DATA SECTION:
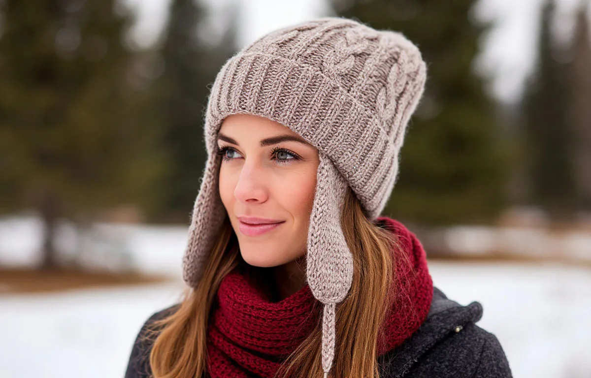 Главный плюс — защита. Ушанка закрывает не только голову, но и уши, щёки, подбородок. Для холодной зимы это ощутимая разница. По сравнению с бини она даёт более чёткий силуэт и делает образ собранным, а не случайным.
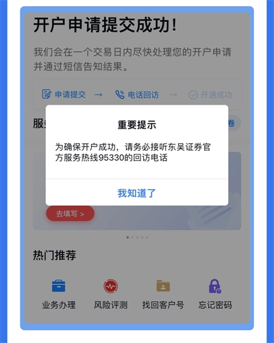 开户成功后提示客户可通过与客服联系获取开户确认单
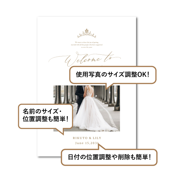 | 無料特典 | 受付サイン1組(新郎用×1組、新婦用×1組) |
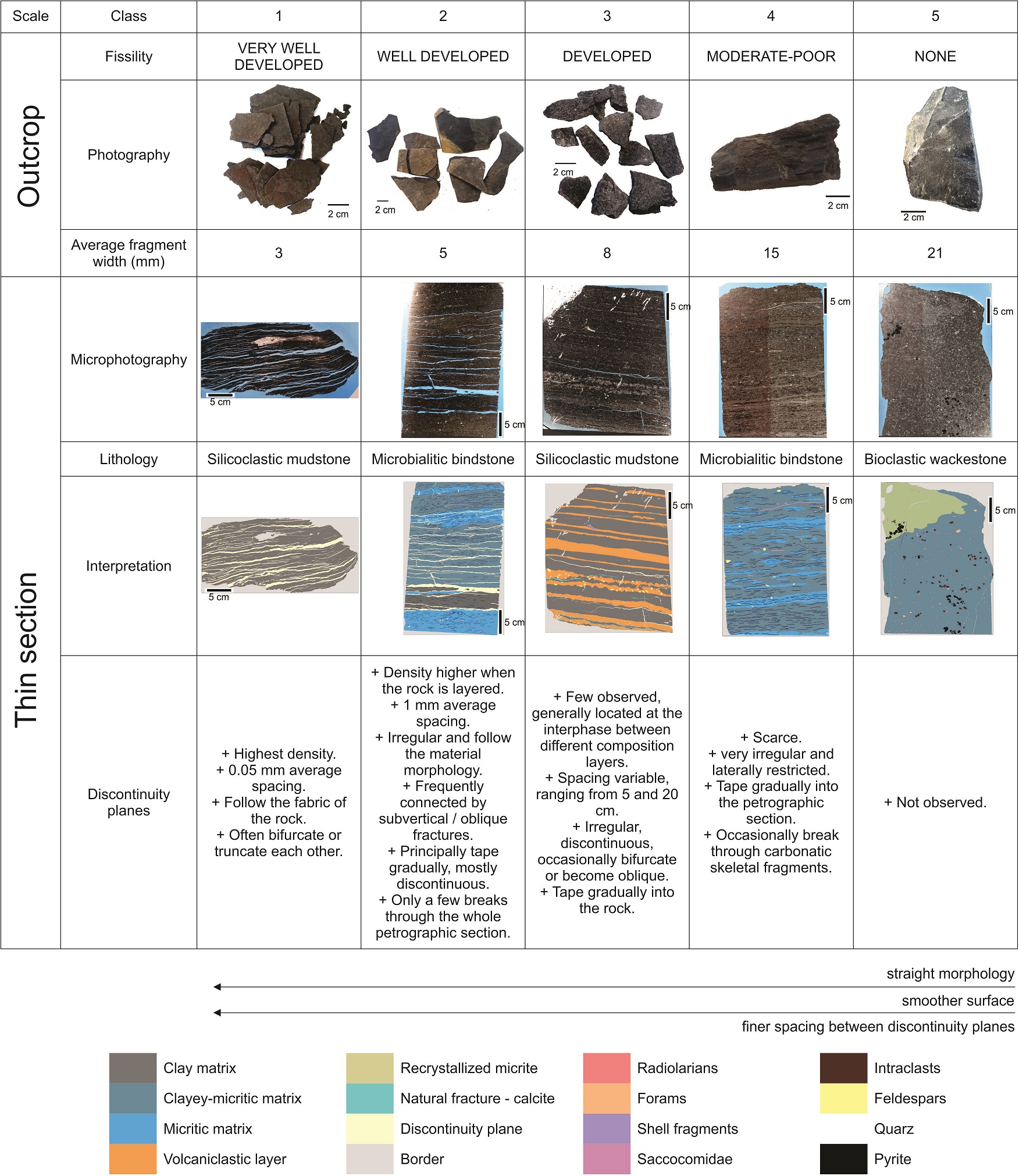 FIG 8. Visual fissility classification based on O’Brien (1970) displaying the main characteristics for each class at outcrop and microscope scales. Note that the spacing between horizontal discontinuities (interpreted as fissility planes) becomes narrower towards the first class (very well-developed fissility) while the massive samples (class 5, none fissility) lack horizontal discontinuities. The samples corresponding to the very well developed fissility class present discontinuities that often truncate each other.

DIRECTIONS: Take the lines from the start of the material to the line with "無料特典 | 受付サイン1組(新郎用×1組、新婦用×1組) |", both included, and transcribe them exactly without the pictures.

TASK OUTPUT:
 Главный плюс — защита. Ушанка закрывает не только голову, но и уши, щёки, подбородок. Для холодной зимы это ощутимая разница. По сравнению с бини она даёт более чёткий силуэт и делает образ собранным, а не случайным.
 开户成功后提示客户可通过与客服联系获取开户确认单
 | 無料特典 | 受付サイン1組(新郎用×1組、新婦用×1組) |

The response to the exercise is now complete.